Start of PROVIDED DATA

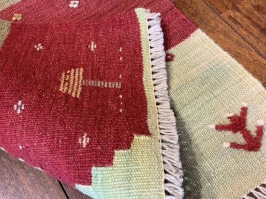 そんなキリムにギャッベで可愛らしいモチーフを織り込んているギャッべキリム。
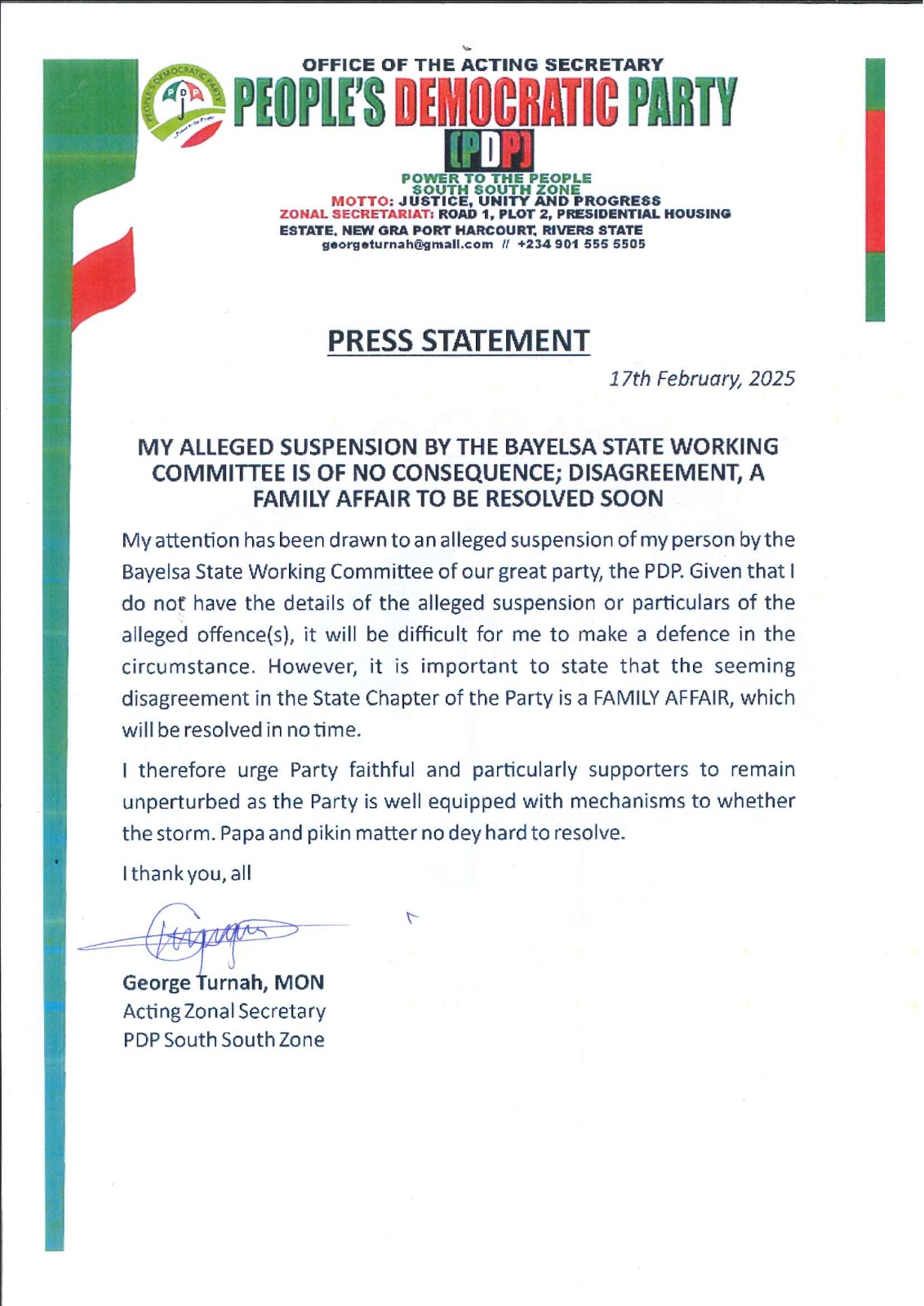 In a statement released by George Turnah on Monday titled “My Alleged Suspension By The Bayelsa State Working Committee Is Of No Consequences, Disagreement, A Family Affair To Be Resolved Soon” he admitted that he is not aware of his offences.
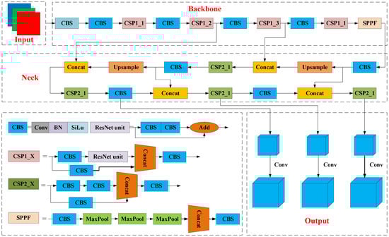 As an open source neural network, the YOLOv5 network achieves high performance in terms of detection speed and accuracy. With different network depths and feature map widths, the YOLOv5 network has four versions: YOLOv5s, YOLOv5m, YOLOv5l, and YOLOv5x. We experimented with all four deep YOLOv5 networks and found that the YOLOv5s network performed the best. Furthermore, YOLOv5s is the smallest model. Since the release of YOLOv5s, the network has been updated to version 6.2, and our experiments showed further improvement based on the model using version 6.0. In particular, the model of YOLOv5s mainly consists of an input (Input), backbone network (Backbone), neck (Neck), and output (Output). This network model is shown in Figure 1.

End of PROVIDED DATA

* [YOUR INSTRUCTIONS]: Only the lines from the top of the material above down to the line bearing "In a statement", that line included, should be set down exactly; no pictures.

* [ANSWER SECTION]:
 そんなキリムにギャッベで可愛らしいモチーフを織り込んているギャッべキリム。
 In a statement released by George Turnah on Monday titled “My Alleged Suspension By The Bayelsa State Working Committee Is Of No Consequences, Disagreement, A Family Affair To Be Resolved Soon” he admitted that he is not aware of his offences.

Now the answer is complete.